Remember when your parents told you, things were a lot less expensive back then? Well they were, and they were not. Some things in life have gotten more expensive, such as a car, and a house. That has more to do with the rise in the ability of financing the cost (credit) and hence leverage, which is what drives up prices. Material and labor costs also play a role. When all costs are tied to down payment and collateral brought to the table, the prices remain very low. As we turned our hedging away from gold to interest rates, which began in the 30's, and finished up in the 70's, we saw a dramatic rise in prices for homes, cars, education, and health care. We went from tying our money to a real asset like gold, to a real debt like interest rates, which were controlled not by environmental and geological factors, but rather by human money mechanics. From 1900-1965, the average cost of a home went from 2000 dollars in many areas to about 6000. From 1970 to 2005, that number went from 7000 to almost 275000! If you were in California, that number went from 11000 to 480000! That translates to a national increase of almost 4000%, in 35 years, as opposed to a 300% increase in the 65 years prior. There are other factors that can offset like the rise in personal income, and the availability of a new source of capital and: credit. In 1980, consumer credit was just over 17 billion, and by 1999; the number was over 1.3 trillion dollars. This now became a new source of down payment for everything, and offset a flattening of income in many sectors. Then there is the true question, is it that things are more expensive or do we have more expenses? Cell phones, multiple vehicles, day care, computer, video games, cable, boats, golf, and other items that either did not exist when your parents were growing up or where once only available to the wealthiest. These luxuries are now considered necessities and are now available to the middle class. Most people I know who own a boat, a car, a snowmobile, and a four wheeler are not rich. Our perception of what rich is different as well. If you have to work to make money, you are not rich. If your assets and income exceed your debts, now that is another story . If you can retire today and live comfortably, and own a system, rather than being owned by a business, then you are that 2% people strive for.

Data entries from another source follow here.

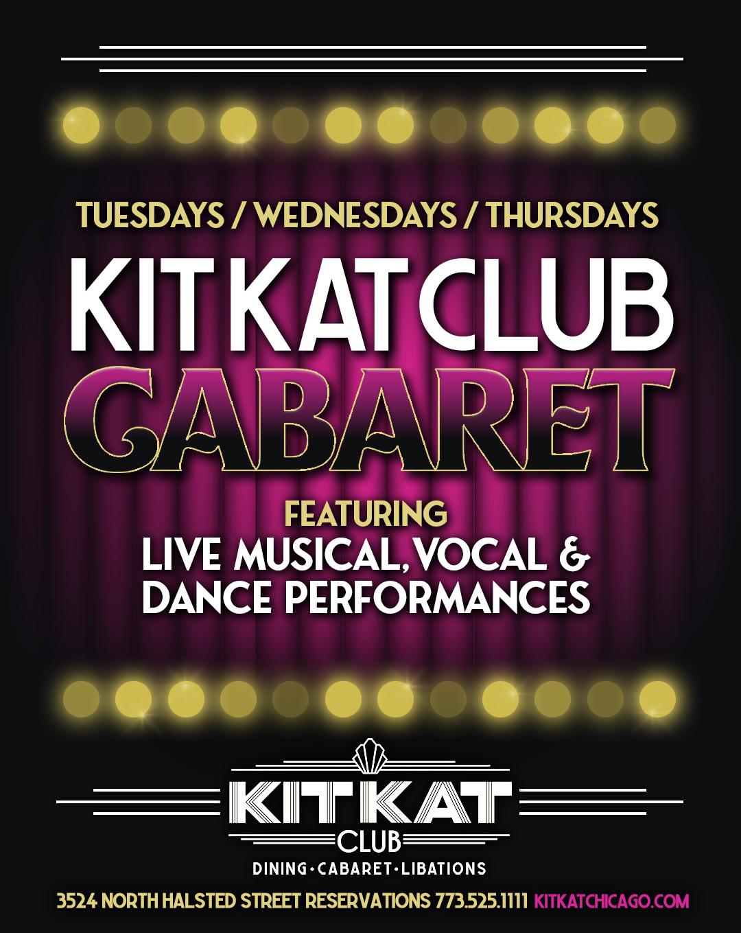 Join us every Tuesday, Wednesday and Thursday for the Kit Kat Club Cabaret! Variety performance all evening.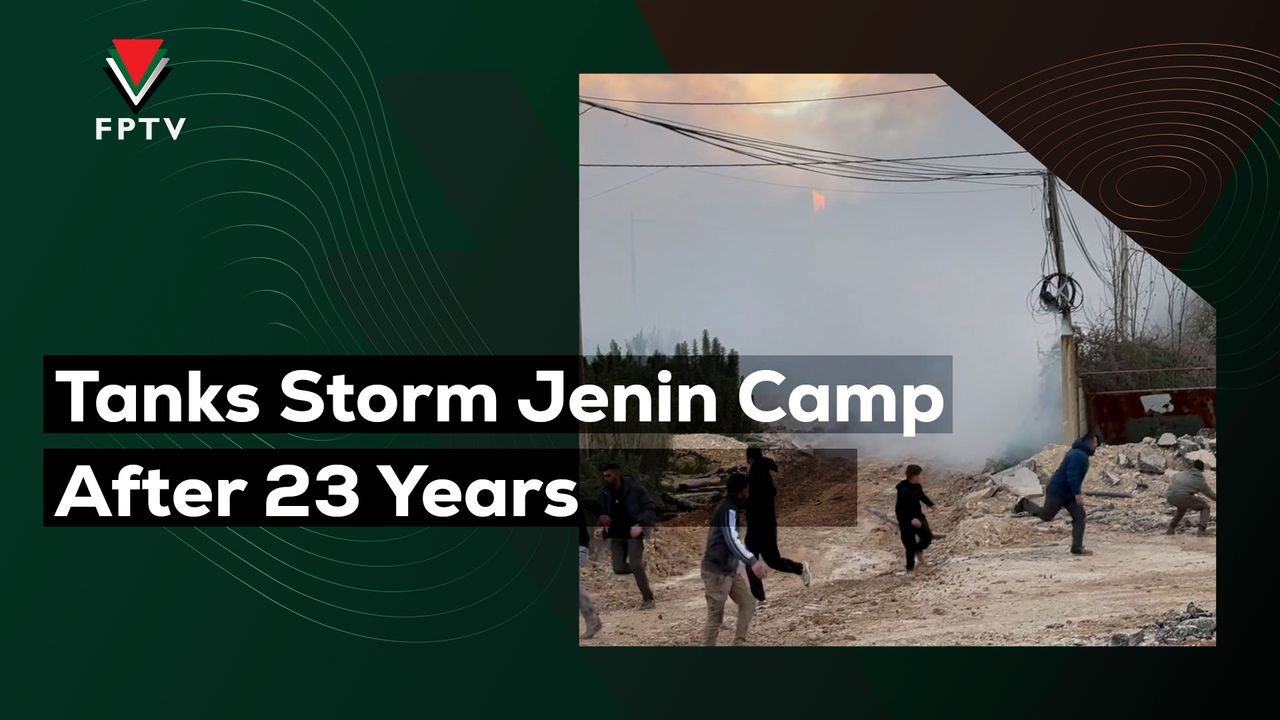 For the first time since 2002, occupation forces' tanks have invaded Jenin Refugee Camp, marking a shocking and unprecedented escalation. Tanks are now advancing through the northern entrance, aiming their artillery at citizens and journalists. Residents have begun approaching the tanks, as tension and uncertainty fill the streets. This unfolding scene is unlike anything witnessed in Jenin in over two decades.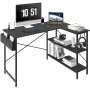 Its size, 47"x35"x29.9", fits well in small to medium spaces. The desk's structure provides enough space for monitors, laptops, or other office essentials. Mixing style and functionality makes it an indispensable part of your workspace. This design caters to both work and leisure activities. Whether you are writing, working on your computer, or gaming, this desk serves all purposes efficiently. Its black finish adds an elegant touch to any room, making it suitable for different interior designs.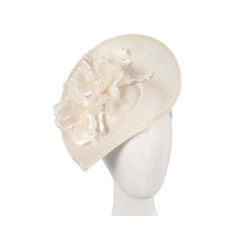 Stylish ivory cream fascinator decorated with large silk flower. Perfect choice for your next racing outfit. Made in Australia Unique design by Max Alexander Real sinamay Headband for easy wear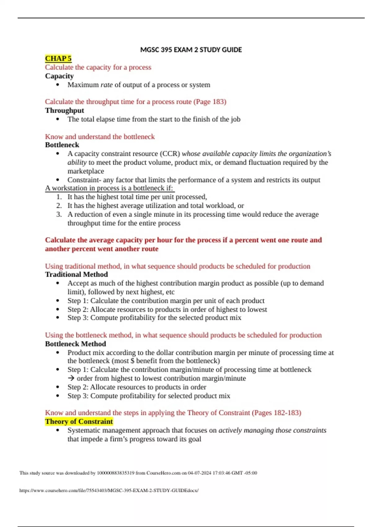 MGSC 395 EXAM 2 STUDY GUIDE CHAP 5 Calculate the capacity for a process Capacity Maximum rate of output of a process or system Calculate the throughput time for a process route (Page 183) Throughput The total elapse time from the start to the finish of the job Know and understand the bottleneck Bottleneck A capacity constraint resource (CCR) whose available capacity limits the organization’s ability to meet the product volume, product mix, or demand fluctuation required by the marketplace Constraint- any factor that limits the performance of a system and restricts its output A workstation in process is a bottleneck if: 1. It has the highest total time per unit processed, 2. It has the highest average utilization and total workload, or 3. A reduction of even a single minute in its processing time would reduce the average throughput time for the entire process Calculate the average capacity per hour for the process if a percent went one route and another percent went another route Using traditional method, in
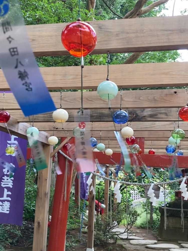 神社の中は、外より涼しく、風が抜けると風鈴が鳴って、しばしの涼を感じられます⛩️
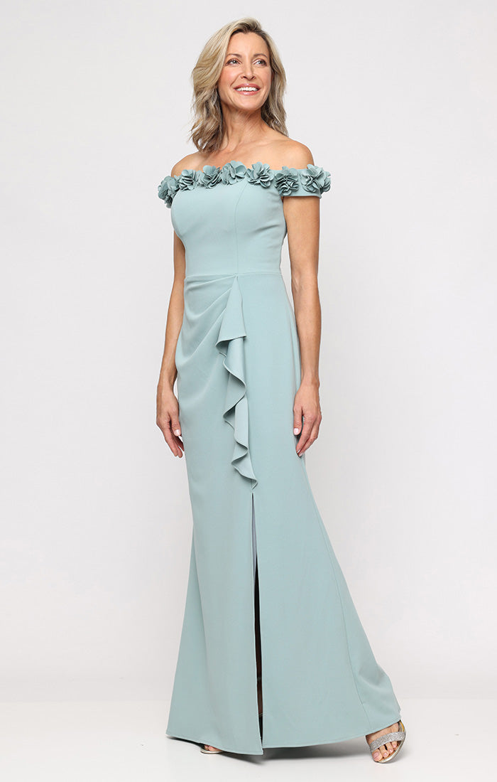 *Long Off the Shoulder Dress With 3D Flower Neckline and Front Slit

Here is the final dilemma; we are in a debt problem. Right now 85% of the nation's high income and tax payers are baby boomers (1946-1964) who are at or close to their absolute peak in earning and paying most of our income taxes. 47% of people did not pay taxes last year either through deductions or credits. 20% is the real underemployed number when you count part-timers and self employed who went out of business. As the first baby-boomer just hit 65 this year, what will happen when they all stop working and begin their spending/retirement phase in the next 20 years? We are already in a debt crisis with them working, what happens when they decide it is time to start living? This is why your job as a real estate professional, attorney, tax and financial advisor is so important. Handling the issues these people and their parents, most of whom are still around and deciding how to divide their estate will all need your help.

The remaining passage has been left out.